Understanding the sources of the dataset used to train a
language model is therefore important for assessing the
model's biases and reliability. In the case of ChatGPT, the
model was trained on an extensive selection of data sources
including the following source types.
1) Websites: Content from millions of websites,
including news articles and blog posts covering a
wide array of topics, such as science, technology,
politics, history, and culture.
2) Books: Excerpts from books, both fiction and non-
fiction, exposing the model to a variety of different
writing styles, genres, and narrative structures.
3) Online forums: This includes content collected
from online forums and discussion boards, such as
Reddit and Stack Overflow, providing ChatGPT with
examples of informal language and conversation, as
well as a variety of opinions and viewpoints.

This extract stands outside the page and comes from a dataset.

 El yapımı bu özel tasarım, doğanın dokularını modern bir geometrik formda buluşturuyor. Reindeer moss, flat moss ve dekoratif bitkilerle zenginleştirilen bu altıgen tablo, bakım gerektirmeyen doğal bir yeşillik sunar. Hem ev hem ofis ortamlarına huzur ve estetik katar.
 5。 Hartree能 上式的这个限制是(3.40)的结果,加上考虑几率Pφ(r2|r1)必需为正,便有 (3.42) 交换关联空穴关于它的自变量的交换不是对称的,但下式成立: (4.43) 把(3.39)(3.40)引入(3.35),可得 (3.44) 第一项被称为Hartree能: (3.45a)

4) Social media: Text from social media platforms,
including Twitter and Facebook, was used to help
ChatGPT understand shorter and more casual forms
of text, including slang and abbreviations.

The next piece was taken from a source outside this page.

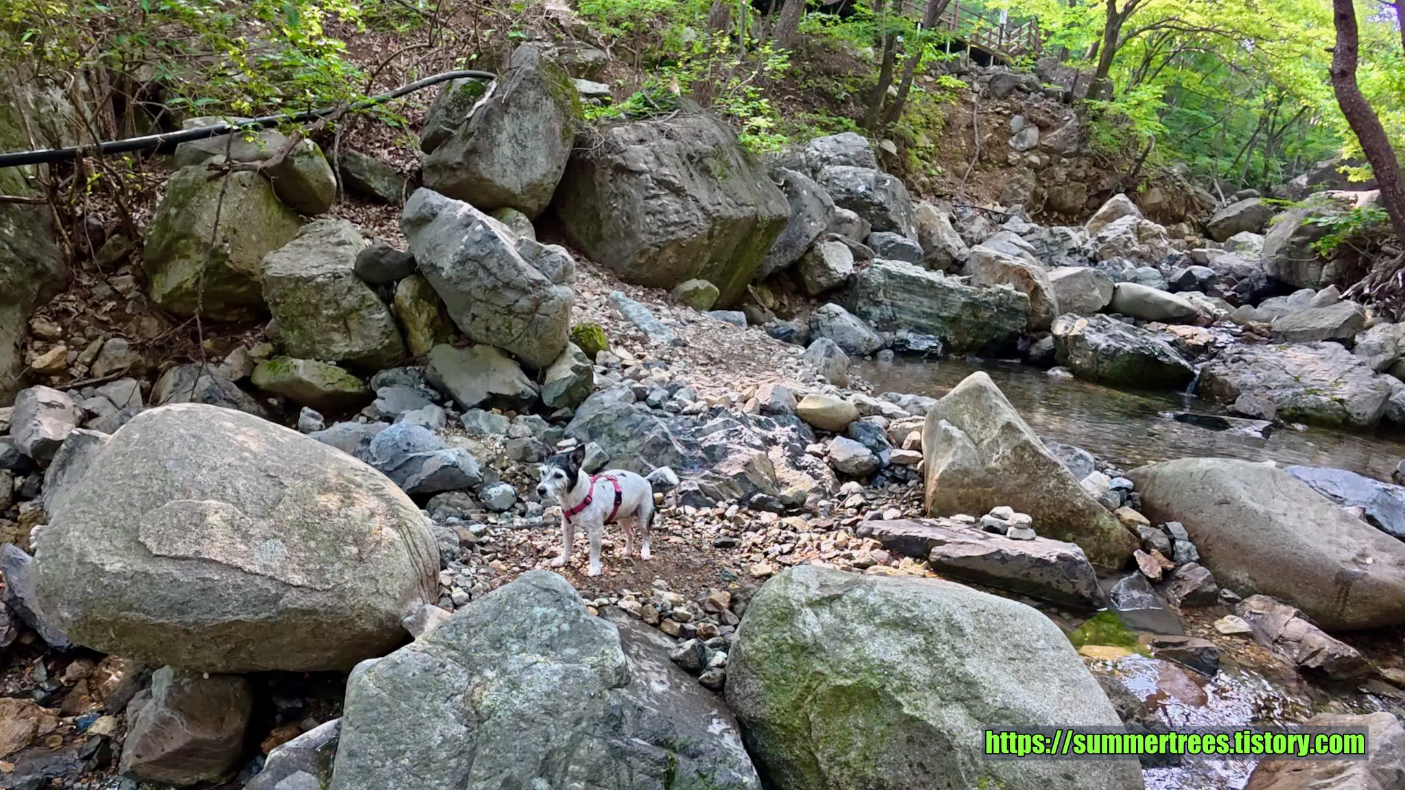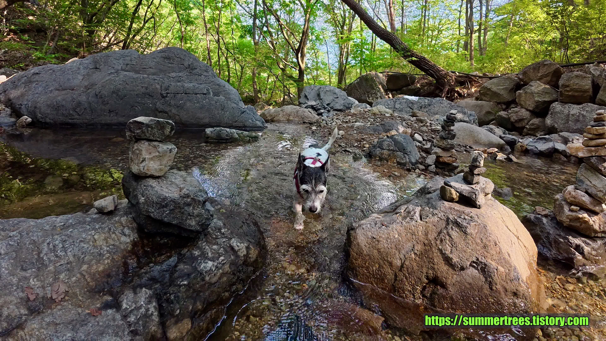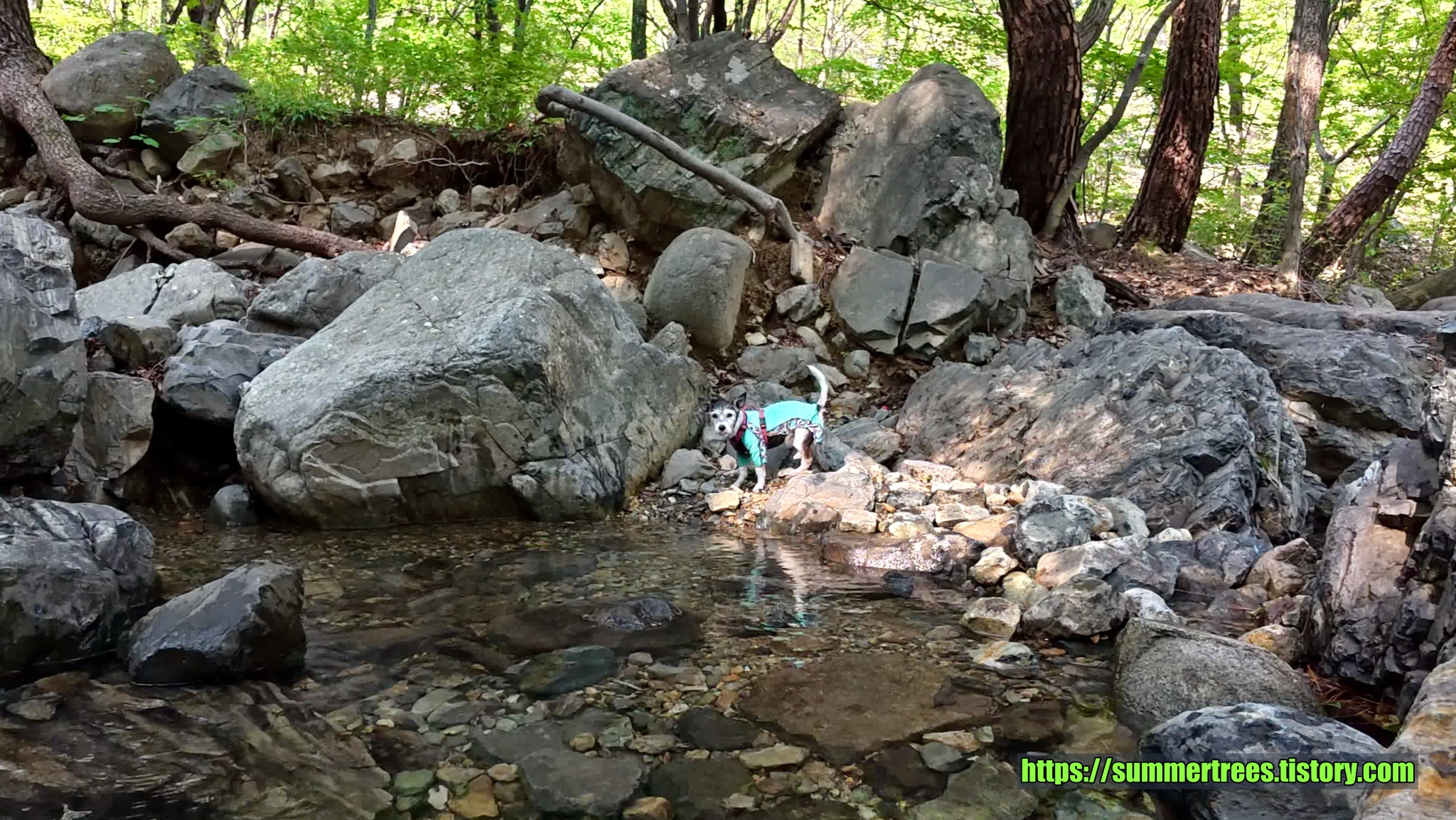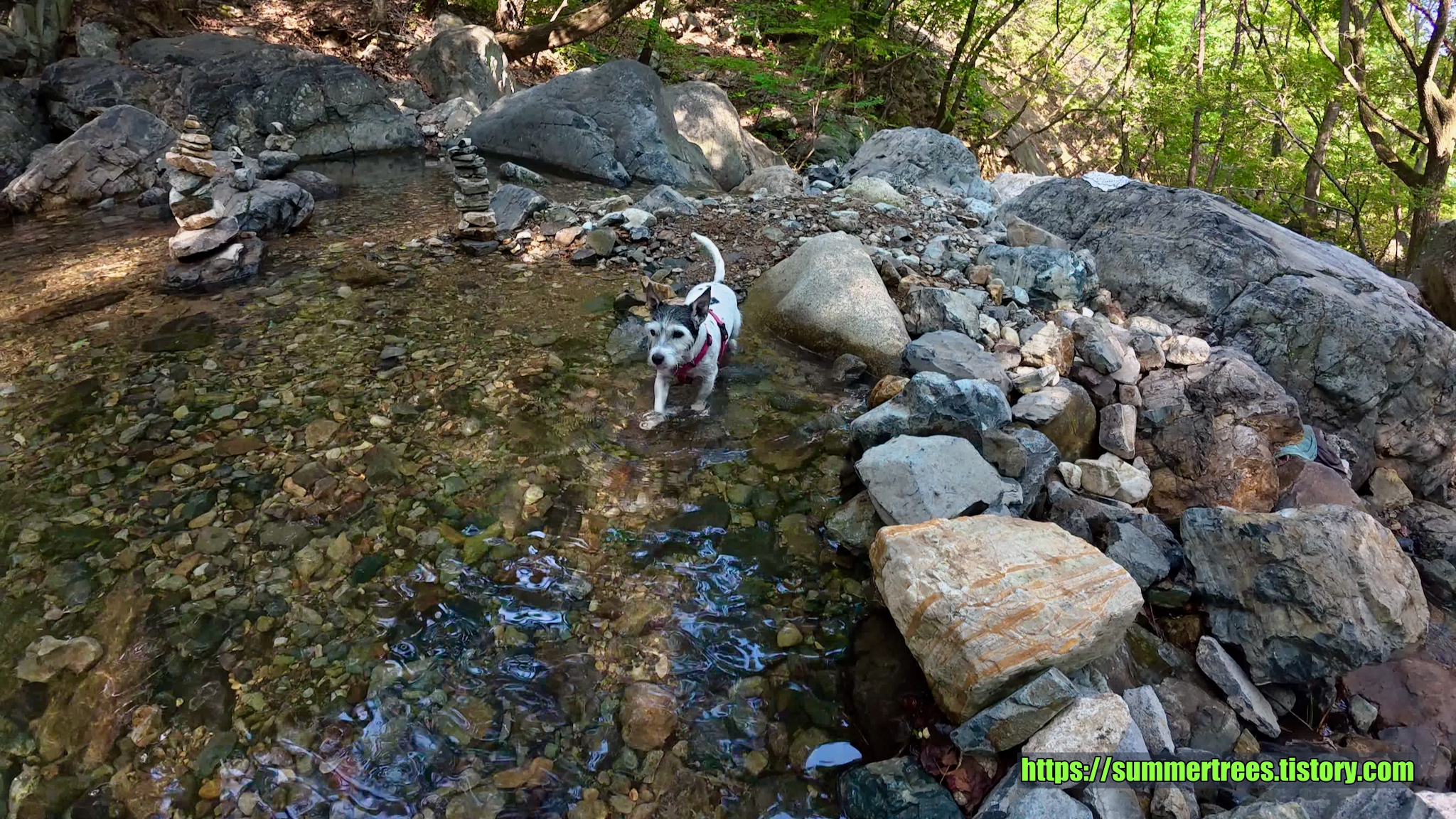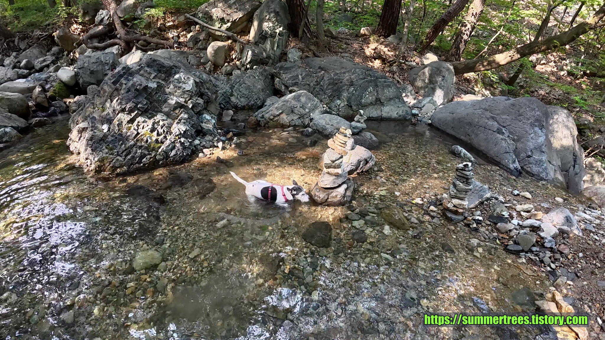 한솥도시락을 먹고 싶었는데 일요일은 오후 2시까지만 영업을 하는 바람에 고봉민김밥에서 김밥을 싸왔다. 우리가 김밥을 먹는 동안 마야는 계곡탐험에 정신이 없다.

5) Conversational data: Conversational data from
customer support logs, public chat rooms, and other
sources to improve ChatGPT’s ability to engage in
dialogue and understand the context in a
conversational setting.
ChatGPT-4
At the time of writing, ChatGPT’s model is powered by the
GPT-4 architecture. This model is the latest version in a
series of GPT models and the culmination of decades of
research and innovation in large language modeling.